There is no water pressure on the cork during the free fall. Therefore the water above the cork will not try to replace the cork's position.
Of course there will be the water pressure. But it is almost uniform. Molecules of the water will still move due to temperature, thus creating pressure on the surfaces in contact.
That's not totally true, but due to different causes... the tensional attraction on the surface of the water makes a membrane that has some tension on it, which is the same experimented uniformly inside the water, so there's actually pressure (and of course the pressure of atmosphere in which the system is embedded) What is not there is a gradient of pressure which is what makes the cork to recibe a force that forces it to float.
Awesome simple solution, with much appreciated addendums explaining further.
By applying Einstein's equivalence principle, the cork will not experience is own weight because it is falling together with the bucket.
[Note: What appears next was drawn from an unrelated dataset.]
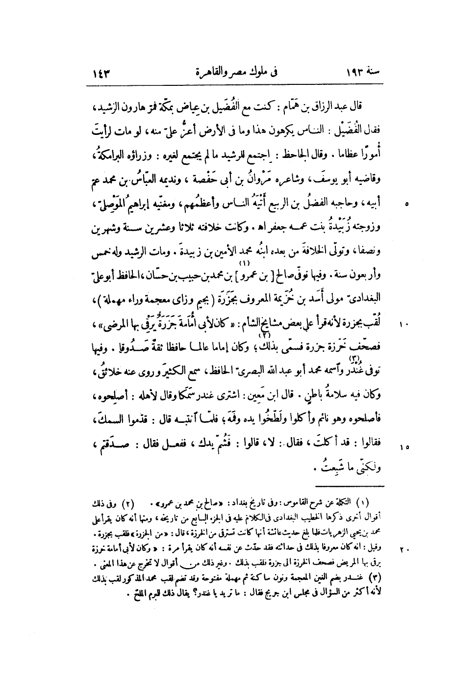 قال عبد الرزاق بن همام: كنت مع الفضيل بن عياض بمكة فمر هارون الرشيد، فقال الفضيل: الناس يكرهون هذا وما في الأرض أعز علي منه، لو مات لرأيت أموراً عظاماً. وقال الجاحظ: اجتمع للرشيد ما لم يجتمع لغيره: وزراؤه البرامكة، وقاضيه أبو يوسف، وشاعره مروان بن أبي حفصة، ونديمه العباس بن محمد عم أبيه، وحاجبه الفضل بن الربيع أتيه الناس وأعظمهم، ومغنيه إبراهيم الموصلىّ، وزوجته زبيدة بنت عمه جعفر اهـ. وكانت خلافته ثلاثاً وعشرين سنة وشهرين ونصفاً، وتولى الخلافة من بعده ابنه محمد الأمين بن زبيدة. ومات الرشيد وله خمس وأربعون سنة. وفيها نوفّى صالح [بن عمرو «1» ] بن محمد بن حبيب بن حسان، الحافظ أبو علي البغدادي مولى أسد بن خزيمة المعروف بجزرة (بجيم وزاي معجمة وراء مهملة) ، لقب بجزرة لأنه قرأ على بعض مشايخ الشأم: «كان لأبي أمامة جزرة يرقي بها المرضى» ، فصحف خرزة جزرة فسمي بذلك «2» ؛ وكان إماماً عالماً حافظاً ثقة صدوقاً. وفيها توفي غندر «3» واسمه محمد أبو عبد الله البصري الحافظ، سمع الكثير وروى عنه خلائق، وكان فيه سلامة باطن. قال ابن معين: اشترى غندر سمكاً وقال لأهله: أصلحوه، فأصلحوه وهو نائم وأكلوا ولطخوا يده وفمه؛ فلما انتبه قال: قدموا السمك، فقالوا: قد أكلت، فقال: لا، قالوا: فشم يدك، ففعل فقال: صدقتم، ولكني ما شبعت.

Therefore in the cork's reference freme the "perceived" gravity acceleration will be 0.
The instant both strings are cut the bucket and cork are in free fall, hence no gravity on the water, no head of water pressure, hence no buoyancy effect. No buoyancy effect = no relative motion.
Since both cords are cut simultaneously, all three objects (the bucket, the water, and the cork) are in free fall. During free fall, all objects fall at the same rate since the pull of gravity is greater for more massive objects, but the inertia of the more massive objects exactly cancels this out. Thus the cork and the water, and even the bucket, accelerate towards the ground at the exact same rate.
Of course, once the bucket hits the ground, the water cannot move down further, so the cork will then rise to the top of the water.
I think this is about the best answer that I've seen. You only need to consider the initial moment after the cord is cut. The answer changes over time, due to air friction. Once the bucket is falling near its terminal speed, the analysis of the motion of the cork would be the same as for a bucket at rest.
Cool! For several decades I have used this (inertia v mass) and the 'thread v weld' explanations for intuitive fall speed confusion.
Technically the correct answer is not listed. The cork does not remain at rest. It falls at the same rate as the bucket and water, staying in the same place relative to the water and the bucket.
The question does say 'relative to the bucket'.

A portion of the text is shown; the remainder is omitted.